> [Your assignment]:
Please find the line that holds "Ohana means family, and" below and reproduce it, along with every line after it through the end, exactly and without pictures.

> [Input data]:
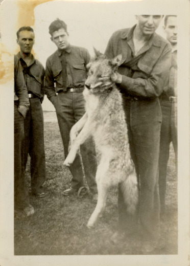 View of several men, in uniform, posing with coyote at Camp Escanaba, Civilian Conservation Corps, Company 1620 in Escanaba, Michigan. Stamped on back: "Ace Photo Service. Sparkling snapshots. Minneapolis, Minnesota." Handwritten on back: "The coyote they caught around camp."
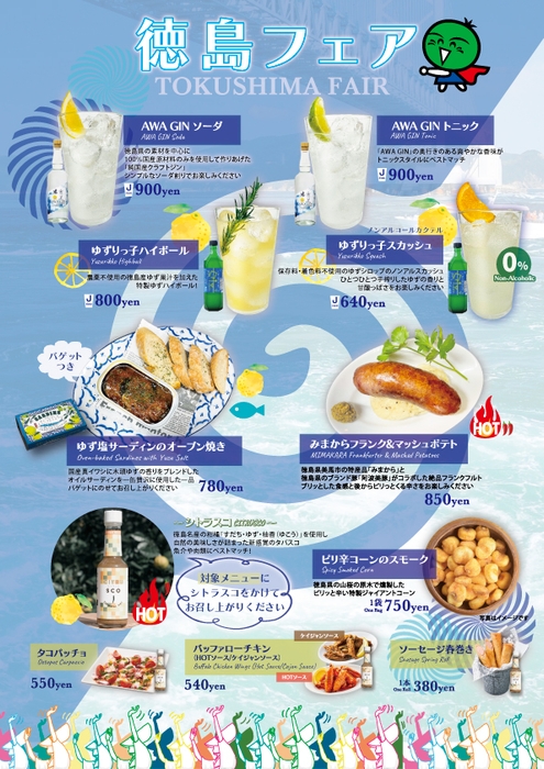本取り組みの第二弾として、徳島県(知事:後藤田正純)と連携し、徳島県の魅力あるお酒や産品を味わっていただける「徳島フェア(TOKUSHIMA FAIR)」を首都圏の対象店舗で実施します。
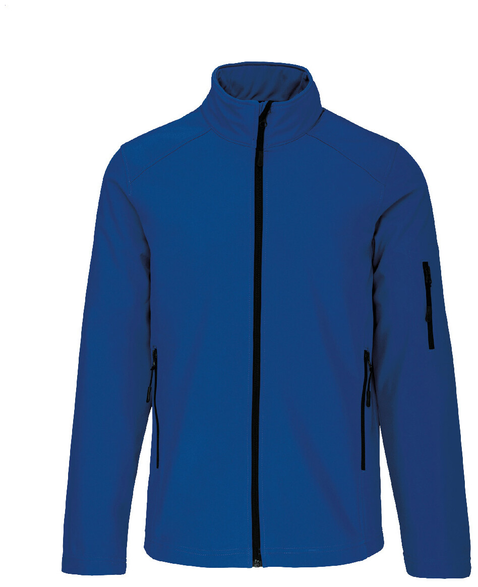 Třívrstvá, prodyšná, větru a vodě odolná softshellová bunda na zip s rukávy na zip a bočními kapsami. S prodyšnou střední vrstvou a vnitřní vrstvou z mikropolaru. Materiál: 95 % polyester a 5 % elastan, 300 g/m2. Výrobek značky Kariban.
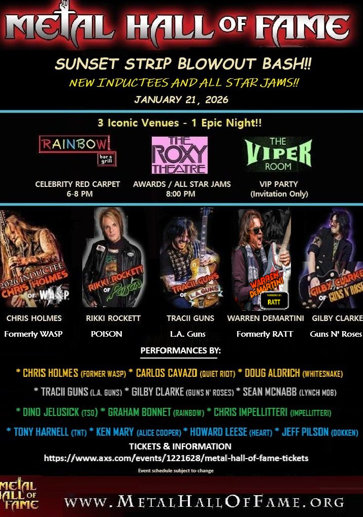 HOLLYWOOD, California — The new year is off to a fast start and the Metal Hall of Fame is coming to the Sunset Strip on January 21st 2026.
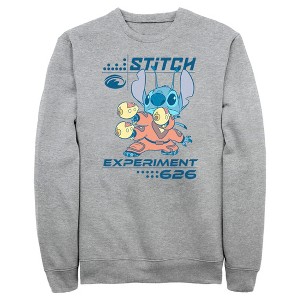 Ohana means family, and family means no sweatshirt gets left behind! Find the perfect style for your family with this officially licensed Men's Disney Lilo & Stitch Armed and Ready Graphic Crewneck Sweatshirt! This fun design features a graphic of Stitch ready for action with his blasters along with: "Stitch Experiment 626" in blue across the front. Celebrate a certain alien, otherwise known as Experiment 626 with new fabulous apparel from the incredible movie!
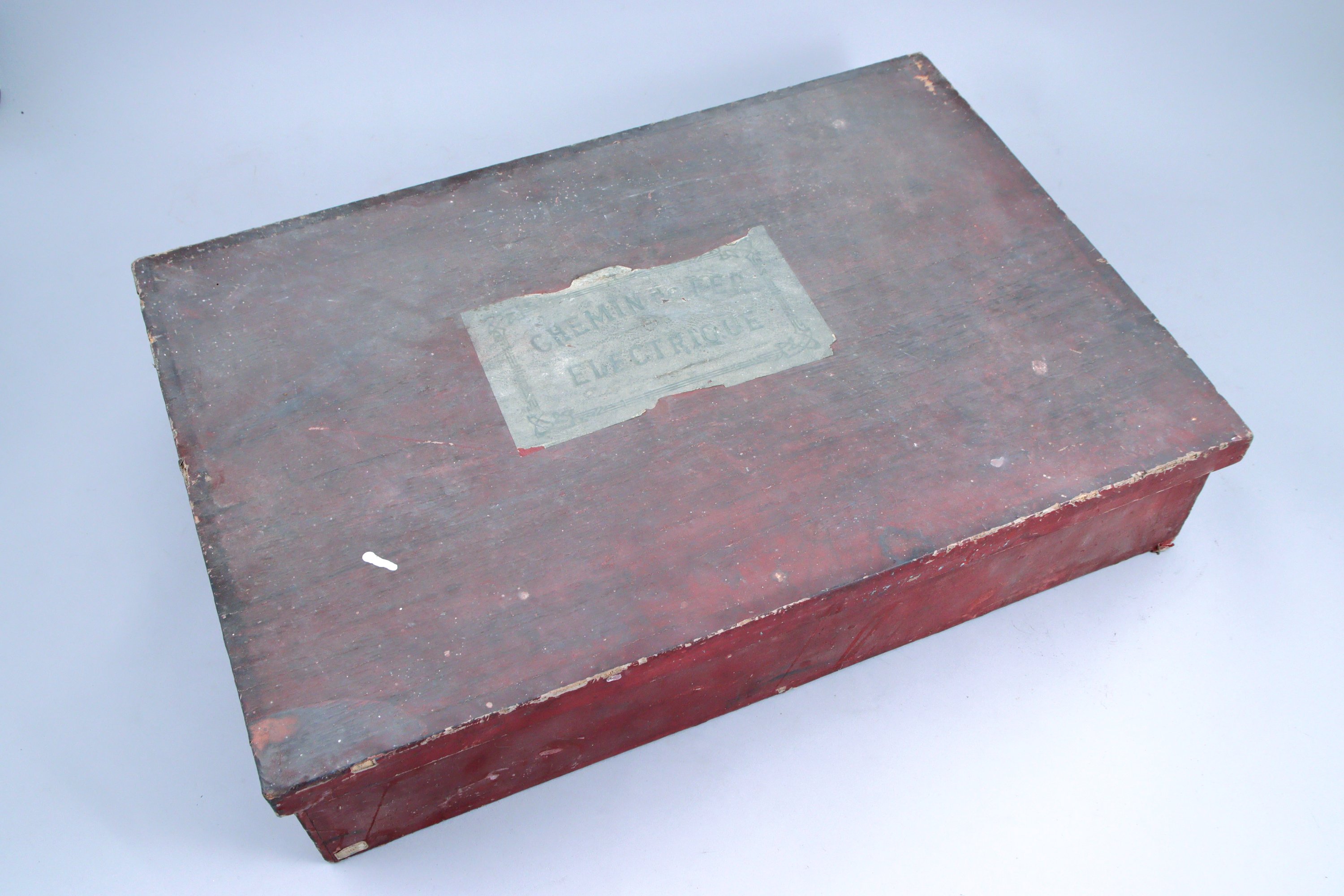 BING Coffret "chemins de fer électriques" en bois garni de papier bordeaux.
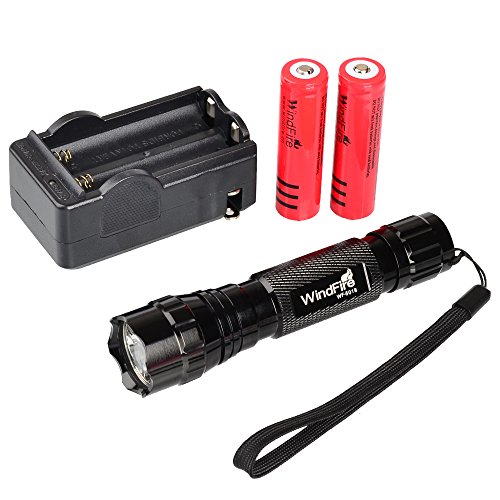 WindFire® New Super Bright Wf-501b Cree Xm-l T6 LED 1000 Lumens 1 Mode 3.7-18v Flashlight plus 2x WindFire 4000mAh 18650 Rechargeable Batteries and Smart AC Charger
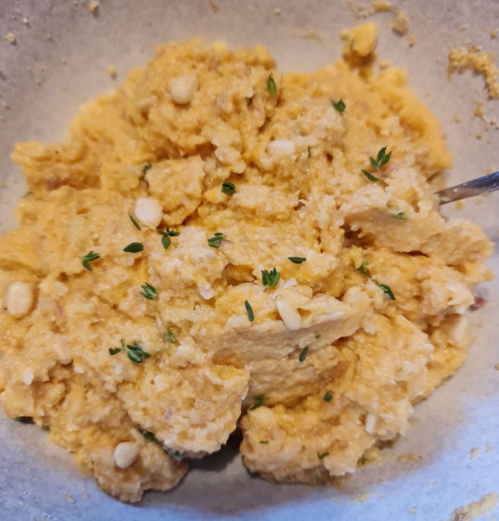 За рецептата за паста с гъби проучих много внимателно с какво най-добре се комбинира пачият крак и сега задачата беше най-вече да постигна вярната консистенция, така че кюфтетата да не се разпаднат или разлеят прекалено при печене. Обикновено яйцата се ползват като свързващ агент, но аз реших да опитам без тях и ги замених с хуск и вода. Получи се много добре, но ако не ви се занимава, или нямате хуск на прах, просто заменете с яйце.

> [Task solution]:
 Ohana means family, and family means no sweatshirt gets left behind! Find the perfect style for your family with this officially licensed Men's Disney Lilo & Stitch Armed and Ready Graphic Crewneck Sweatshirt! This fun design features a graphic of Stitch ready for action with his blasters along with: "Stitch Experiment 626" in blue across the front. Celebrate a certain alien, otherwise known as Experiment 626 with new fabulous apparel from the incredible movie!
 BING Coffret "chemins de fer électriques" en bois garni de papier bordeaux.
 WindFire® New Super Bright Wf-501b Cree Xm-l T6 LED 1000 Lumens 1 Mode 3.7-18v Flashlight plus 2x WindFire 4000mAh 18650 Rechargeable Batteries and Smart AC Charger
 За рецептата за паста с гъби проучих много внимателно с какво най-добре се комбинира пачият крак и сега задачата беше най-вече да постигна вярната консистенция, така че кюфтетата да не се разпаднат или разлеят прекалено при печене. Обикновено яйцата се ползват като свързващ агент, но аз реших да опитам без тях и ги замених с хуск и вода. Получи се много добре, но ако не ви се занимава, или нямате хуск на прах, просто заменете с яйце.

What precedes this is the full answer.